Created 03-09-2024 08:11 PM
Hello,
My team is about to deploy a clustered scaling NiFi, along with NiFi Registry and Zookeeper. We are deploying on Openshift Kubernetes.
We are determining which directories to mount our persistent storage to on both NiFi and the Registry.
1. Since we are using Registry, do we need to back anything up on the NiFi pod?
2. What are all of the locations we would want mount persistent storage for both NiFi and Registry?
3. What are all of the locations we would want to establish a backup procedure for on NiFi and Registry if we are using local filesystem persistence?
4. Do we still need to backup any locations if we use the Git and S3 persistence providers?
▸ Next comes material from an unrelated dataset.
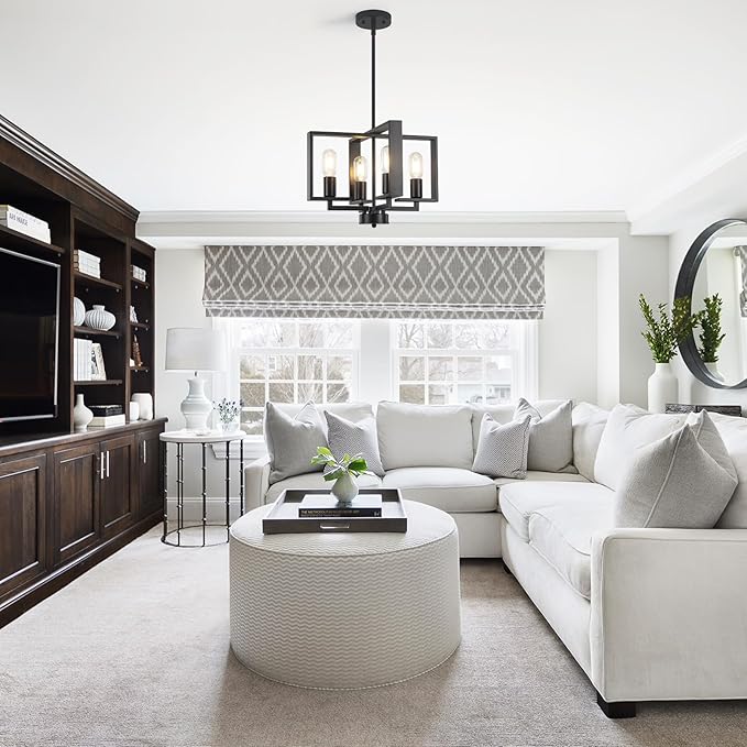 - đăPremium Matte FinishăCrafted with a high-quality metal frame featuring durable black spray paint that resists rust, fading, and aging for long-lasting beauty. The black chandelier 4 light design delivers brighter yet softer illumination, enhancing your dining space's ambiance. Seamlessly complements various home dĂŠcors from modern to farmhouse, ideal for dining rooms, entryways, or living areas.

5. What does the restoration process look like for both
A. local persistence providers only
B. Git + S3 persistence
6. Do we need to worry about Zookeeper at all for backups?
Thanks ahead of time!
Created on 03-11-2024 07:41 AM - edited 03-11-2024 07:42 AM
@TreantProtector
There is a lot of ask in this one post.
1. NiFi Registry is used to store NiFi version controlled NiFi process groups (This takes user manual action to both initiate version control and push new versions to NiFi-Registry. It does not store the flow.xml.gz or flow.json.gz files that contains all the flow information NiFi loads on startup. So it is not a substitute for protecting those files on NiFi. All nodes in a NIFi cluster use the same flow.xml.gz/flow.json.gz, so it is not necessary to preserve the files from every node for recovery.
2a (NiFi)
2b. NiFi-Registry
3. covered in above - refer to Apache NiFi nifi.properties file for your configured local storage paths.
4. yes - covered above
5a. Not sure I follow the question. On restoration NiFi or NiFi will read the persistence provider (whether they are local, git, or S3) preserving the NiFi and NiFi-Registry conf directory configuration files would make restoration easier. While the NiFi content_repository(s) and flowfile_repository are tightly coupled to one another on the same node and tie back to the flow.xml.gz/flow.json.gz (same all nodes) content. which node they get restored to does not matter (specific node information is not present in any of those).
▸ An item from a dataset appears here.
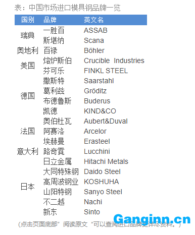 不過從市場現(xiàn)況看,我國模具鋼的競爭力沒有那么樂觀,進口模具鋼仍占很對優(yōu)勢。中高端模具鋼市場大部分被進口品牌分食。國內(nèi)鋼廠所占份額有限。市面上各國模具鋼品牌為數(shù)眾多,可以直觀地反映出這個現(xiàn)狀。

NOTE: content_repositories are directly correlated to the content_repository property name in the nifi.properties file.
nifi.content.repository.directory.default=/dir1/node1
nifi.content.repository.directory.repo2=/dir2/node1
Upon restoration content_repository contents persisted for /dir1/node1 must still be set in "defualt" and not set to different property name. This is because the flowfile metadata in the corresponding flowfile_repository does not contain directory details. It simply says you can find content for FlowFile xyz in nifi.content.repository.directory.default at sub-directory (num), content claim, byte offset, and num bytes. So if you put dir2 in the default content_repository you'll mess up finding your content.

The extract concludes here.